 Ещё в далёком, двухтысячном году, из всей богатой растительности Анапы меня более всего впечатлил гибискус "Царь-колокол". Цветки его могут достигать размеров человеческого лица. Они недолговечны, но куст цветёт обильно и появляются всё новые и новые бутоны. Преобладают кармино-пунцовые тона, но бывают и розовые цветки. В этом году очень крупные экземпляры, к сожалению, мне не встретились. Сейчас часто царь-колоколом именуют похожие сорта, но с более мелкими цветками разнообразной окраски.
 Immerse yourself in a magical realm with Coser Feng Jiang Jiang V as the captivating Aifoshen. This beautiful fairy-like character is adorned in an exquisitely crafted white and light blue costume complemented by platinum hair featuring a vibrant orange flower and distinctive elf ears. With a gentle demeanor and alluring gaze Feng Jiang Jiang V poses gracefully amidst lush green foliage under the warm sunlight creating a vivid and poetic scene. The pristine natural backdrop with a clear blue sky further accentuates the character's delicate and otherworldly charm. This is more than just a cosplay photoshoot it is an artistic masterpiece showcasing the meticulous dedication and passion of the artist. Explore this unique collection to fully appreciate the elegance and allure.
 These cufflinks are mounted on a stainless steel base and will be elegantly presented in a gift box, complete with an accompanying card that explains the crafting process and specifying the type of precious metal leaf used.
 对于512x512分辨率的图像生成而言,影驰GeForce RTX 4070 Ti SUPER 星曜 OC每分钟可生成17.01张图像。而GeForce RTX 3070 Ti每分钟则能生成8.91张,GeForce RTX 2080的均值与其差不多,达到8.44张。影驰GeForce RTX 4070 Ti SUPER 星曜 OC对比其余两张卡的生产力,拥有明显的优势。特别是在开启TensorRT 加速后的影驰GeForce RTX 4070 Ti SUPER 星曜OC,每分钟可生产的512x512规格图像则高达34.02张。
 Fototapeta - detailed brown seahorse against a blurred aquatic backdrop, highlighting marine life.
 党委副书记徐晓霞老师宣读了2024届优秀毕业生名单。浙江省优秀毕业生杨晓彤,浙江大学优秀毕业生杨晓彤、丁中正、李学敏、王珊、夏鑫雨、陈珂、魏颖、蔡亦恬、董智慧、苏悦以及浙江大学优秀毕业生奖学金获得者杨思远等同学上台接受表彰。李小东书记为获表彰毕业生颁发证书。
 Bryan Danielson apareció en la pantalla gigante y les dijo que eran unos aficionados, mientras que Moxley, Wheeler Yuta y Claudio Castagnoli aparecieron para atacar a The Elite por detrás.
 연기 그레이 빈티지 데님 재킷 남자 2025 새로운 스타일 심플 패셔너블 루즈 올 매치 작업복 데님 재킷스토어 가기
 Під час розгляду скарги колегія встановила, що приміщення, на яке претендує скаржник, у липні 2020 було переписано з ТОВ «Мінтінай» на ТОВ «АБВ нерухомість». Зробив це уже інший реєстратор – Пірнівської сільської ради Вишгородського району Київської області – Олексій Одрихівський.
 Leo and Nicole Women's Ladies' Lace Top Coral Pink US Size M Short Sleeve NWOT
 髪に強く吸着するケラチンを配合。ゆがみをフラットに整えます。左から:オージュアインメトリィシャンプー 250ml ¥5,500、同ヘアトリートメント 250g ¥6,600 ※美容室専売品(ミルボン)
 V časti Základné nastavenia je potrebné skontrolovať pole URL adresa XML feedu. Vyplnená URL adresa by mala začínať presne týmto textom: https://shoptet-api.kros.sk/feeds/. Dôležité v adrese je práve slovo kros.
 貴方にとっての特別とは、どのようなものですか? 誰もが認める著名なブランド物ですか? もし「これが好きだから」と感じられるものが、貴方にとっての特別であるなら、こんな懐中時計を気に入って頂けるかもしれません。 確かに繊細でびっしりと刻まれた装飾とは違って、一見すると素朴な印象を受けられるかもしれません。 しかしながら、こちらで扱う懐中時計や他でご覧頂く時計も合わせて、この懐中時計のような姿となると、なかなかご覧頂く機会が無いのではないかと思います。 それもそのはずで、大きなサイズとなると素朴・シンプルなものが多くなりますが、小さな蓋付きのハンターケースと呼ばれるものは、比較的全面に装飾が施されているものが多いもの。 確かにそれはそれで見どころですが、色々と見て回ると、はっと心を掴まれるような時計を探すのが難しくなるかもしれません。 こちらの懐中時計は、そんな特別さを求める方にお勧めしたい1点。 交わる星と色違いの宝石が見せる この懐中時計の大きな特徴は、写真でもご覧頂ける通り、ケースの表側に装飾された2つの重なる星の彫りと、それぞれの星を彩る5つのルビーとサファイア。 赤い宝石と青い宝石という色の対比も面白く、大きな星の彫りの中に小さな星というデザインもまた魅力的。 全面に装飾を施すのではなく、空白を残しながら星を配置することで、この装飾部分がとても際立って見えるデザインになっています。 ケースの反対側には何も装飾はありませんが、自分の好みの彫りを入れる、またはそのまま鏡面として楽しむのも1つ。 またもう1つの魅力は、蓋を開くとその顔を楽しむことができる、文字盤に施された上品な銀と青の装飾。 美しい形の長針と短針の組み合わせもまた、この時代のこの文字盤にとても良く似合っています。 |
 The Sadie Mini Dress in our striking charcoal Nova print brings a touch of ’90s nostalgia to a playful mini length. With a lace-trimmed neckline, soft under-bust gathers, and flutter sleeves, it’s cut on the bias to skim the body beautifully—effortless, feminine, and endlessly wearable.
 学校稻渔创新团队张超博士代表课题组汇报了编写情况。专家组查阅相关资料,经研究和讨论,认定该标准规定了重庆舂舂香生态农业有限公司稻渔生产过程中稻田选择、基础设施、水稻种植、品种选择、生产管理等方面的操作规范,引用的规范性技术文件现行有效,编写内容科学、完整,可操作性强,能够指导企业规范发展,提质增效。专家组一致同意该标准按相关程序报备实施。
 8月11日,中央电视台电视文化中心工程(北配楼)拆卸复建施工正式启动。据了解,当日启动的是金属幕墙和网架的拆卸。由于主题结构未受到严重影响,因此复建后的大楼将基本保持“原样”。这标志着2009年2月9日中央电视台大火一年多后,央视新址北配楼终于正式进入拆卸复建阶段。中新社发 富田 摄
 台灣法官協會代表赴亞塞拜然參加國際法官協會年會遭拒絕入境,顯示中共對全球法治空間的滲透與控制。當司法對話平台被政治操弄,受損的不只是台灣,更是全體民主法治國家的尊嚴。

_ _ _

= Your instructions =
Without altering a single word, set down all the entries again.

= Exercise result =
 Ещё в далёком, двухтысячном году, из всей богатой растительности Анапы меня более всего впечатлил гибискус "Царь-колокол". Цветки его могут достигать размеров человеческого лица. Они недолговечны, но куст цветёт обильно и появляются всё новые и новые бутоны. Преобладают кармино-пунцовые тона, но бывают и розовые цветки. В этом году очень крупные экземпляры, к сожалению, мне не встретились. Сейчас часто царь-колоколом именуют похожие сорта, но с более мелкими цветками разнообразной окраски.
 Immerse yourself in a magical realm with Coser Feng Jiang Jiang V as the captivating Aifoshen. This beautiful fairy-like character is adorned in an exquisitely crafted white and light blue costume complemented by platinum hair featuring a vibrant orange flower and distinctive elf ears. With a gentle demeanor and alluring gaze Feng Jiang Jiang V poses gracefully amidst lush green foliage under the warm sunlight creating a vivid and poetic scene. The pristine natural backdrop with a clear blue sky further accentuates the character's delicate and otherworldly charm. This is more than just a cosplay photoshoot it is an artistic masterpiece showcasing the meticulous dedication and passion of the artist. Explore this unique collection to fully appreciate the elegance and allure.
 These cufflinks are mounted on a stainless steel base and will be elegantly presented in a gift box, complete with an accompanying card that explains the crafting process and specifying the type of precious metal leaf used.
 对于512x512分辨率的图像生成而言,影驰GeForce RTX 4070 Ti SUPER 星曜 OC每分钟可生成17.01张图像。而GeForce RTX 3070 Ti每分钟则能生成8.91张,GeForce RTX 2080的均值与其差不多,达到8.44张。影驰GeForce RTX 4070 Ti SUPER 星曜 OC对比其余两张卡的生产力,拥有明显的优势。特别是在开启TensorRT 加速后的影驰GeForce RTX 4070 Ti SUPER 星曜OC,每分钟可生产的512x512规格图像则高达34.02张。
 Fototapeta - detailed brown seahorse against a blurred aquatic backdrop, highlighting marine life.
 党委副书记徐晓霞老师宣读了2024届优秀毕业生名单。浙江省优秀毕业生杨晓彤,浙江大学优秀毕业生杨晓彤、丁中正、李学敏、王珊、夏鑫雨、陈珂、魏颖、蔡亦恬、董智慧、苏悦以及浙江大学优秀毕业生奖学金获得者杨思远等同学上台接受表彰。李小东书记为获表彰毕业生颁发证书。
 Bryan Danielson apareció en la pantalla gigante y les dijo que eran unos aficionados, mientras que Moxley, Wheeler Yuta y Claudio Castagnoli aparecieron para atacar a The Elite por detrás.
 연기 그레이 빈티지 데님 재킷 남자 2025 새로운 스타일 심플 패셔너블 루즈 올 매치 작업복 데님 재킷스토어 가기
 Під час розгляду скарги колегія встановила, що приміщення, на яке претендує скаржник, у липні 2020 було переписано з ТОВ «Мінтінай» на ТОВ «АБВ нерухомість». Зробив це уже інший реєстратор – Пірнівської сільської ради Вишгородського району Київської області – Олексій Одрихівський.
 Leo and Nicole Women's Ladies' Lace Top Coral Pink US Size M Short Sleeve NWOT
 髪に強く吸着するケラチンを配合。ゆがみをフラットに整えます。左から:オージュアインメトリィシャンプー 250ml ¥5,500、同ヘアトリートメント 250g ¥6,600 ※美容室専売品(ミルボン)
 V časti Základné nastavenia je potrebné skontrolovať pole URL adresa XML feedu. Vyplnená URL adresa by mala začínať presne týmto textom: https://shoptet-api.kros.sk/feeds/. Dôležité v adrese je práve slovo kros.
 貴方にとっての特別とは、どのようなものですか? 誰もが認める著名なブランド物ですか? もし「これが好きだから」と感じられるものが、貴方にとっての特別であるなら、こんな懐中時計を気に入って頂けるかもしれません。 確かに繊細でびっしりと刻まれた装飾とは違って、一見すると素朴な印象を受けられるかもしれません。 しかしながら、こちらで扱う懐中時計や他でご覧頂く時計も合わせて、この懐中時計のような姿となると、なかなかご覧頂く機会が無いのではないかと思います。 それもそのはずで、大きなサイズとなると素朴・シンプルなものが多くなりますが、小さな蓋付きのハンターケースと呼ばれるものは、比較的全面に装飾が施されているものが多いもの。 確かにそれはそれで見どころですが、色々と見て回ると、はっと心を掴まれるような時計を探すのが難しくなるかもしれません。 こちらの懐中時計は、そんな特別さを求める方にお勧めしたい1点。 交わる星と色違いの宝石が見せる この懐中時計の大きな特徴は、写真でもご覧頂ける通り、ケースの表側に装飾された2つの重なる星の彫りと、それぞれの星を彩る5つのルビーとサファイア。 赤い宝石と青い宝石という色の対比も面白く、大きな星の彫りの中に小さな星というデザインもまた魅力的。 全面に装飾を施すのではなく、空白を残しながら星を配置することで、この装飾部分がとても際立って見えるデザインになっています。 ケースの反対側には何も装飾はありませんが、自分の好みの彫りを入れる、またはそのまま鏡面として楽しむのも1つ。 またもう1つの魅力は、蓋を開くとその顔を楽しむことができる、文字盤に施された上品な銀と青の装飾。 美しい形の長針と短針の組み合わせもまた、この時代のこの文字盤にとても良く似合っています。 |
 The Sadie Mini Dress in our striking charcoal Nova print brings a touch of ’90s nostalgia to a playful mini length. With a lace-trimmed neckline, soft under-bust gathers, and flutter sleeves, it’s cut on the bias to skim the body beautifully—effortless, feminine, and endlessly wearable.
 学校稻渔创新团队张超博士代表课题组汇报了编写情况。专家组查阅相关资料,经研究和讨论,认定该标准规定了重庆舂舂香生态农业有限公司稻渔生产过程中稻田选择、基础设施、水稻种植、品种选择、生产管理等方面的操作规范,引用的规范性技术文件现行有效,编写内容科学、完整,可操作性强,能够指导企业规范发展,提质增效。专家组一致同意该标准按相关程序报备实施。
 8月11日,中央电视台电视文化中心工程(北配楼)拆卸复建施工正式启动。据了解,当日启动的是金属幕墙和网架的拆卸。由于主题结构未受到严重影响,因此复建后的大楼将基本保持“原样”。这标志着2009年2月9日中央电视台大火一年多后,央视新址北配楼终于正式进入拆卸复建阶段。中新社发 富田 摄
 台灣法官協會代表赴亞塞拜然參加國際法官協會年會遭拒絕入境,顯示中共對全球法治空間的滲透與控制。當司法對話平台被政治操弄,受損的不只是台灣,更是全體民主法治國家的尊嚴。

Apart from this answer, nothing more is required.